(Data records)
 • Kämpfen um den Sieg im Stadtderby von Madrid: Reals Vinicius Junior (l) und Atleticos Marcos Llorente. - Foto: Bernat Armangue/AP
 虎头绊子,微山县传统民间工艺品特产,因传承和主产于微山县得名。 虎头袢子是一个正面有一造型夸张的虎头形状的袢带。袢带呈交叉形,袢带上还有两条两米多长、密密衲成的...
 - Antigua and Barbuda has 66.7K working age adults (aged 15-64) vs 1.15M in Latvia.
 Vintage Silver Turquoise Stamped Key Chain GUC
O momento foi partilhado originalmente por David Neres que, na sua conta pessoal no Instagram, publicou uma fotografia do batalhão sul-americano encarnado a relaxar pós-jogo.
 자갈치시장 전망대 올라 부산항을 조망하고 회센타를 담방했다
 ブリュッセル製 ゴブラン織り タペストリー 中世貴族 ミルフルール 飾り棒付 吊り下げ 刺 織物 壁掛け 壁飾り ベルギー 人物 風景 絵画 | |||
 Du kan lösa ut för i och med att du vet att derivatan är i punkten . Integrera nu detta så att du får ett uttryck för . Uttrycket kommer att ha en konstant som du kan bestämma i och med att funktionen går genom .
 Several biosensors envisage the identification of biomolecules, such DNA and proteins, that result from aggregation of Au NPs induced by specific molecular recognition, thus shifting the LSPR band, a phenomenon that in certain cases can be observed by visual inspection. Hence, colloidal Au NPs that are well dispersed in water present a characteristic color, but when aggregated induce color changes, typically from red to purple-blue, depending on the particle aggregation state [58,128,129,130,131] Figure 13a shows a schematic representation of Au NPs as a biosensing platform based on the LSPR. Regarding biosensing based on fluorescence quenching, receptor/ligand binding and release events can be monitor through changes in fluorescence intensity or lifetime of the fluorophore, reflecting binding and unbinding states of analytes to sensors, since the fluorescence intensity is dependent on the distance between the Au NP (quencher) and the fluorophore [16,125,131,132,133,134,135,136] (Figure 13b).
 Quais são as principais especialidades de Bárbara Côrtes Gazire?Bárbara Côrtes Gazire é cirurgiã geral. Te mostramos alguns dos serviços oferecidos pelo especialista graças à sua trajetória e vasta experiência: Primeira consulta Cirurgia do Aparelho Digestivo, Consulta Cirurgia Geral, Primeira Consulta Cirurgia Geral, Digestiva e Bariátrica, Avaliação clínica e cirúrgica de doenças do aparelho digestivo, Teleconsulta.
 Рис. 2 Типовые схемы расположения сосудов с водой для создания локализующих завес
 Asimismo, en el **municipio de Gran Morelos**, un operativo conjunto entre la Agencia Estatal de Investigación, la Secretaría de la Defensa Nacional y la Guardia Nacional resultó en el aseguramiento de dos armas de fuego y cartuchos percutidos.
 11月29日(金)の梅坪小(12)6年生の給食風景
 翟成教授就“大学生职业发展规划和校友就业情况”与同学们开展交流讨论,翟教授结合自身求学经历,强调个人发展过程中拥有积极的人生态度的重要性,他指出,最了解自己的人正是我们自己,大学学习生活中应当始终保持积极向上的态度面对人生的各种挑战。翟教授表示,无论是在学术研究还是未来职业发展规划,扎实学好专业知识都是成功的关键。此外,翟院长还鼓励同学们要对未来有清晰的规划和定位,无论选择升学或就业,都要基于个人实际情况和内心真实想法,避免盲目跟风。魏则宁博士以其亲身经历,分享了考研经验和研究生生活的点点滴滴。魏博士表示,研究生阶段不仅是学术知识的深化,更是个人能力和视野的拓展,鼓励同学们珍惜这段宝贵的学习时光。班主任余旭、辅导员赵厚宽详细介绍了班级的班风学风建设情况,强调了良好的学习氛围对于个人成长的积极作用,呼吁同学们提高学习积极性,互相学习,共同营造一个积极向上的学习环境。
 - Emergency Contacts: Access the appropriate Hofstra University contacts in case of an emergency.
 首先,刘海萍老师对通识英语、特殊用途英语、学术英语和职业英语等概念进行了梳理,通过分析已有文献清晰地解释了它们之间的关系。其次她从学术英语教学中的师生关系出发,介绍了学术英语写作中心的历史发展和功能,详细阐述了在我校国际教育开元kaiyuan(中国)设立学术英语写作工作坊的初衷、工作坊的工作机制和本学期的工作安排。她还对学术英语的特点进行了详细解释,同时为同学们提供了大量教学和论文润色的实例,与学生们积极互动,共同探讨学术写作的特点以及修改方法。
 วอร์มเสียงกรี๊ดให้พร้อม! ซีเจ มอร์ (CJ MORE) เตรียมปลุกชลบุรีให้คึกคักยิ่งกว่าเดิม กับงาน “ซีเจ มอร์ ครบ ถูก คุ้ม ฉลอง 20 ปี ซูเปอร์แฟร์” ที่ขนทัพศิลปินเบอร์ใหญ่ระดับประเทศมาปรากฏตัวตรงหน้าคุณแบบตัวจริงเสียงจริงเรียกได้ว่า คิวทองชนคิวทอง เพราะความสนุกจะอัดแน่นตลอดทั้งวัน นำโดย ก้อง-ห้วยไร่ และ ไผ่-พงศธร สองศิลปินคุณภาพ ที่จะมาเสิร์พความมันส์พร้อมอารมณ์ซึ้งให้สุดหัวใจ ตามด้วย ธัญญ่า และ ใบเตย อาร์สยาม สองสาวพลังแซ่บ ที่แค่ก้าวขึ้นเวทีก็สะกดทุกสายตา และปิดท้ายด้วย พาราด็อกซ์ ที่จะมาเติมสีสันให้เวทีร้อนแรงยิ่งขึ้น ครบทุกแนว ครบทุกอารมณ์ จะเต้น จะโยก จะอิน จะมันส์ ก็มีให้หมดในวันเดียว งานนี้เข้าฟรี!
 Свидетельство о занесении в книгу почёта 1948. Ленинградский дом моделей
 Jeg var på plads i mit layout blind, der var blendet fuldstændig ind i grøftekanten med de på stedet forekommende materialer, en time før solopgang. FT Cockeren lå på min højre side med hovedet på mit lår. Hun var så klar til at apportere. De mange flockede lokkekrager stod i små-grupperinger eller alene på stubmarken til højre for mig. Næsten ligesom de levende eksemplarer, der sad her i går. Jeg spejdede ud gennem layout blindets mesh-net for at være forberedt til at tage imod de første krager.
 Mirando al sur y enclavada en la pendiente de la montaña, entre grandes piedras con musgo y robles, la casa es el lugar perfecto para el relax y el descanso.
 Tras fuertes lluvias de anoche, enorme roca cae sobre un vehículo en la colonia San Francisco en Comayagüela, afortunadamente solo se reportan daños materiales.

▶ _Task brief_
Which lines belong in the answer? Exactly those from the first line of the entries through the line holding "Vintage Silver Turquoise", inclusive, copied unchanged.

▶ _Task output_
 • Kämpfen um den Sieg im Stadtderby von Madrid: Reals Vinicius Junior (l) und Atleticos Marcos Llorente. - Foto: Bernat Armangue/AP
 虎头绊子,微山县传统民间工艺品特产,因传承和主产于微山县得名。 虎头袢子是一个正面有一造型夸张的虎头形状的袢带。袢带呈交叉形,袢带上还有两条两米多长、密密衲成的...
 - Antigua and Barbuda has 66.7K working age adults (aged 15-64) vs 1.15M in Latvia.
 Vintage Silver Turquoise Stamped Key Chain GUC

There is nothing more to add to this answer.